Salam kenal Bunda...
nice blog ...
banyak yang bilang, palembang itu terkenal dengan kelakarnya yundo.. jadi bisa dibilang, wong asli palembang pasti jago bekelakar, apolagi kelakar betok.. cmiiw :D
kalo masalah ikan betok, ntah dhe kurang suka.. kurang suka dengan ikan nanggung seperti itu.. dibilang kecil gk kecil, dibilang gede juga gk.. ikan betok gitu kan ya??
yang penting tahu batasan mana saat bercanda mana tidak,
ngomong ikan betok aku kurang suka mba,lebih suka sama ikan cuek yg kecil tapi daging gurih
Wah, ada juga yah mbak di palembang kelakar2an hehehe...
kelakar sah-sah saja.. terlalu banyak kelakar itu yang berbahaya, karena bisa mematikan hati yang membuat orang lupa kontrol diri
hmmmm saya pernah kebablasan gak ya mbak, kalau bercanda disini? mohon dimaafkan
ngga hobi sih, tapi kalu dikasih, mau... :D
Terkadang kita dalam berkelakar selalu menyinggung perasaan orang ya Mba. Suatu nasehat kebaikan untuk kita semua.
Nsamun, untuk ikan betoknya mungkin paling enak dibuat pindang untuk dimakan bersama. Agar tercipta suasana kebersamaan yang lebih harmonis.
Sukses selalu
Salam
Ejawantah's Blog
kirain ini ikutan GA lagi, ternyata asli bukan GA rek..BTW tulisannya mantap tenan...ajarin dunk nulis yg berkarakter...
trus ttg kelakar bethoks, bleh aja khan asal tidak berlebihan dan tidak jatuh ke dalam ghibah,
ok, sukses selalu ke...
Kalau ikan betok, ane suka banget sob. Baru tahu nih ada pindang betok.
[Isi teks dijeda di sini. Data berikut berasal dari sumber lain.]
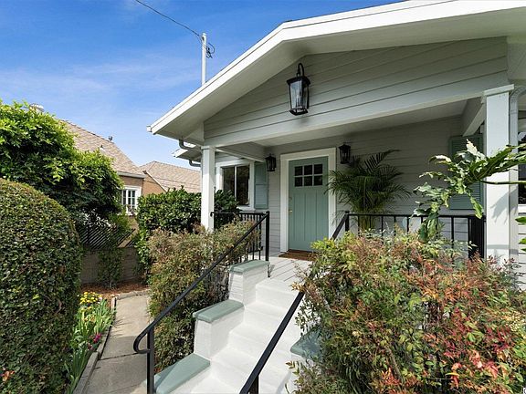 A darling cottage home residing in the desirable city of Silverlake! A luscious front yard with a long walkway leads up to the large front porch newer. Inside, gorgeous herringbone pattern hardwood floors and fresh coats of paint emphasizes this luminous 1,602-sqft home. The adjoining living room and dining room are stylized with beamed ceilings as large windows floods the space with natural sunlight. Off the living room space, find a beautiful office fitted with accordion French doors and French windows plus built-in bookcases on either side of the doorway. Across from the dining area is a spacious bedroom complete with built-in closet storage. The gorgeous primary bedroom provides the comforts of a convenient laundry room with plenty of built-in storage, side yard access, and an en-suite bathroom styled with honeycomb tile floors and a glass walk-in shower. Journey into the crisp kitchen where Carrera Marble countertops adorn neat white cabinetry while complimenting the subway tile backsplash and checkered floors. Secondary bath with gorgeous Malibu tile. From the kitchen is the outdoor deck which leads down a set of stairs to ground level storage and access to the side yard. The property includes a detached 1-car garage and a spacious driveway with room for an additional parking space. Located mere minutes away from Sunset Blvd and is conveniently situated nearby plenty local establishments, restaurants, shops, markets, & so much more! A real gem in a prime neighborhood!

Kalau kelakar betok, bisa diartikan juga orang yang doyan ngomong untuk mencairkan suasana dengan bercanda.
Betul banget itu sob, meskipun bercanda, kita juga harus memperhatikan kaidah-kaidah dalam berbicara. Yaitu berkata benar. Tertawa juga ada batasnya, giginya nggak sampai kelihatan ya sob (kalau nggak salah)
wah..., oleh-oleh pelatihan yang penting untuk kita renungkan bersama ini....
oh kirain makanan
manrik tu kayaknya? tak kira itu khas makanan juga, salam kenal n happy blogging
wiw~
itu ikan semalam....
dipindang emang segerrrr :D
baru tahu ada istilah kelakar betok. Tapi kalau gambar ikan betoknya itu kok mirip ikan bethik ya Mbak? Sejenis ikan tawar juga, dulu waktu masih kecil kalau nguras empang di belakang rumah dapat juga ikan kayak di gambar tsb dan kami menyebutnya ikan bethik..siripnya tajam.
hehehehhe baru tahu juga ada istilah kelakar betok....hehhehehe
Kalau aku sob, gak suka makan Ikan
ikan betok banyak kalu disini mbak hehehehe...
tapi klo soal sabda rosul aku terus dan terus berusaha untuk meneladaninya mbak...
mh...ikan betok jarang dipelihara di kampunngku...
Kelakar betok memang lucu nian. Tapi memang harus memperhatikan adab.